* [Extracted material]:
▬▬▬▬▬▬

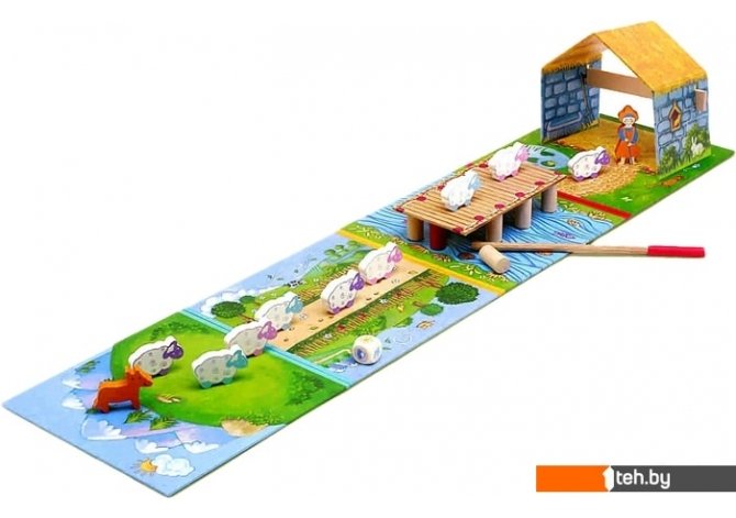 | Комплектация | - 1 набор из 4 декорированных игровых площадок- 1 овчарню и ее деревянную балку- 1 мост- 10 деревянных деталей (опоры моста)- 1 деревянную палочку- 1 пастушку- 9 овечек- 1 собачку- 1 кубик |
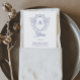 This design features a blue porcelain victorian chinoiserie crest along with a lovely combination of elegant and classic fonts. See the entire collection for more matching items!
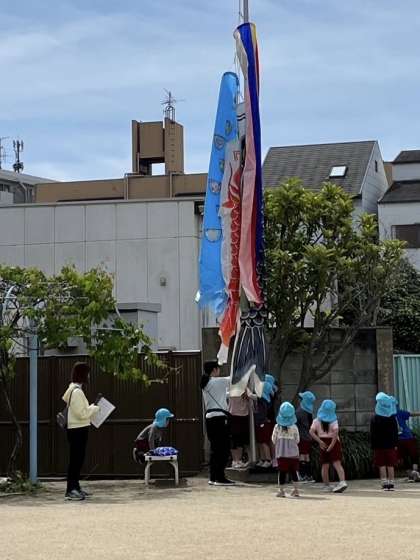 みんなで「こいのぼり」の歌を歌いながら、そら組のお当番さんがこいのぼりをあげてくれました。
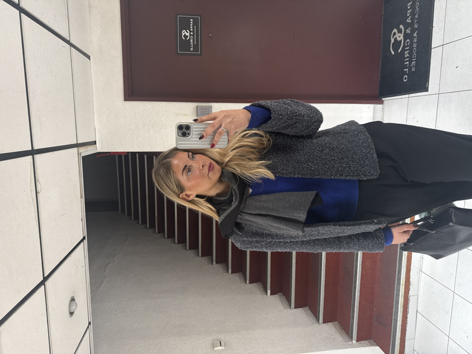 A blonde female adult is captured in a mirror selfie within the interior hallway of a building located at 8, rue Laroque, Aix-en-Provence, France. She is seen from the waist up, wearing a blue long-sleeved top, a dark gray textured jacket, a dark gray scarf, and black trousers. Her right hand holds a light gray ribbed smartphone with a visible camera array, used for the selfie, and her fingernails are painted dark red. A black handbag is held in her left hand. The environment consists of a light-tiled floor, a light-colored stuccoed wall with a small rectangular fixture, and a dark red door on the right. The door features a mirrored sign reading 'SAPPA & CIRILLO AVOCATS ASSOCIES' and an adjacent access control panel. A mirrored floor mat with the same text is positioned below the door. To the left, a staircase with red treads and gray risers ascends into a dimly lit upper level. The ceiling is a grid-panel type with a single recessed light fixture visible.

▬▬▬▬▬▬

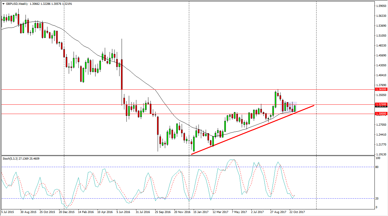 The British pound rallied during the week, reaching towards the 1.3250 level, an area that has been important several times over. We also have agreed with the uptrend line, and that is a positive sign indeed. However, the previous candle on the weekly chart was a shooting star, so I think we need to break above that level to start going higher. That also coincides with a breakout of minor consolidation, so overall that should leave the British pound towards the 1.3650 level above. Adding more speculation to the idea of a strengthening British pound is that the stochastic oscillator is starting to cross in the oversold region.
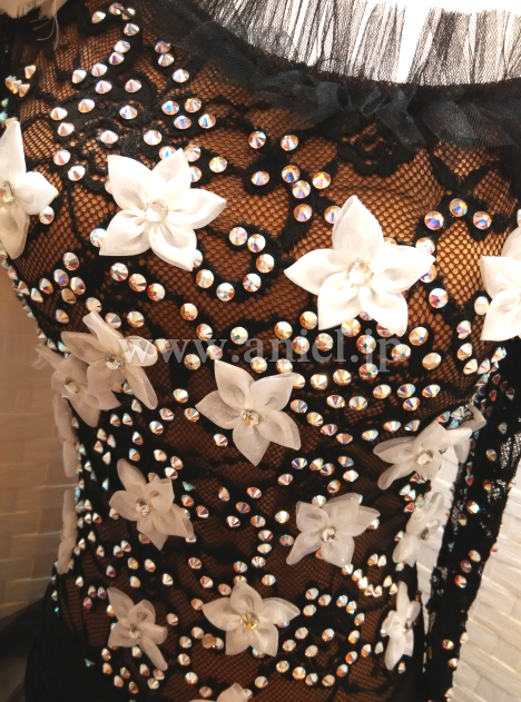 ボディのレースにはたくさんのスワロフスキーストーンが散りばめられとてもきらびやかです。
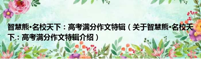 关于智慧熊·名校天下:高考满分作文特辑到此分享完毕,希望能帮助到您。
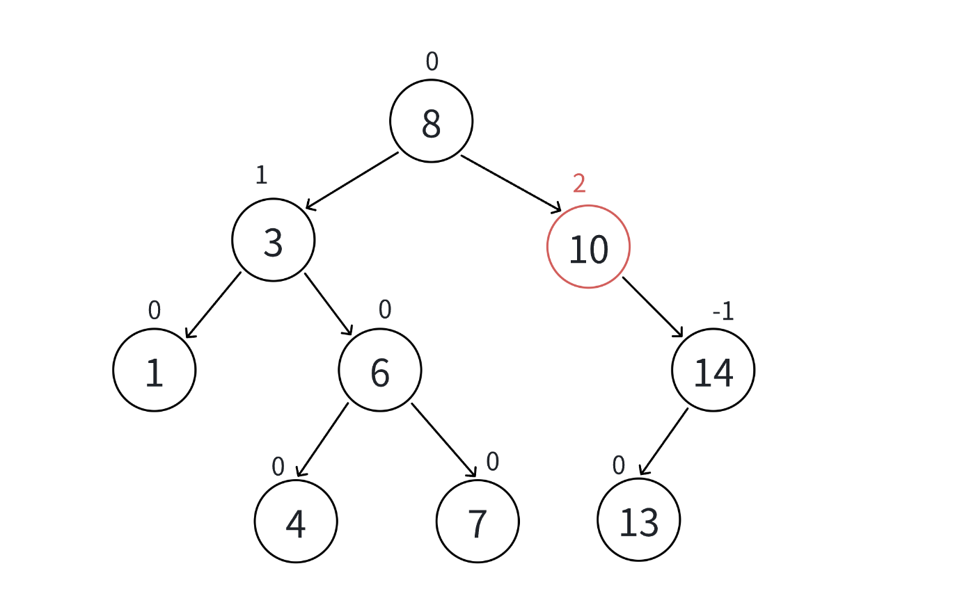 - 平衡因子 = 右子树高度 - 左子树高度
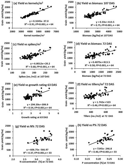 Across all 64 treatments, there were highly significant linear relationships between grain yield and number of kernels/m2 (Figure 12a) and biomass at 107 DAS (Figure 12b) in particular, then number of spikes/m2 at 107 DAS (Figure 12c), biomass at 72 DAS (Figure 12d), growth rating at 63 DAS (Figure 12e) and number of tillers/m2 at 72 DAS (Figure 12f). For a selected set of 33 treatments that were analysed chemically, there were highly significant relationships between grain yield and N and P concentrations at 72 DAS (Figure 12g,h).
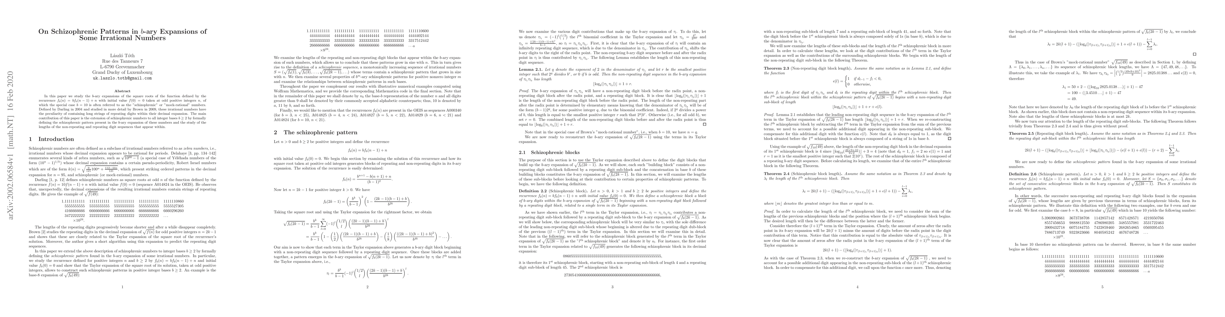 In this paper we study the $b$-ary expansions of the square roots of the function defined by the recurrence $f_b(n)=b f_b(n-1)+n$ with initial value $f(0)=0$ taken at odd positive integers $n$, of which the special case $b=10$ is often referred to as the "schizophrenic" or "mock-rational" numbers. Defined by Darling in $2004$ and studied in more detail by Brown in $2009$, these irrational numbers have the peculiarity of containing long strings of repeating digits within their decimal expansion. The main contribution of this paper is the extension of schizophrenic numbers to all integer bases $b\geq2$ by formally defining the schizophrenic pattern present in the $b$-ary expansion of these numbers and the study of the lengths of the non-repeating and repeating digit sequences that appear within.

▬▬▬▬▬▬

Pictures aside, print exactly the lines above starting with the one containing "ボディのレースにはたくさんの" and going on through the one containing "Across all 64".

* [Answer to this exercise]:
 ボディのレースにはたくさんのスワロフスキーストーンが散りばめられとてもきらびやかです。
 关于智慧熊·名校天下:高考满分作文特辑到此分享完毕,希望能帮助到您。
 - 平衡因子 = 右子树高度 - 左子树高度
 Across all 64 treatments, there were highly significant linear relationships between grain yield and number of kernels/m2 (Figure 12a) and biomass at 107 DAS (Figure 12b) in particular, then number of spikes/m2 at 107 DAS (Figure 12c), biomass at 72 DAS (Figure 12d), growth rating at 63 DAS (Figure 12e) and number of tillers/m2 at 72 DAS (Figure 12f). For a selected set of 33 treatments that were analysed chemically, there were highly significant relationships between grain yield and N and P concentrations at 72 DAS (Figure 12g,h).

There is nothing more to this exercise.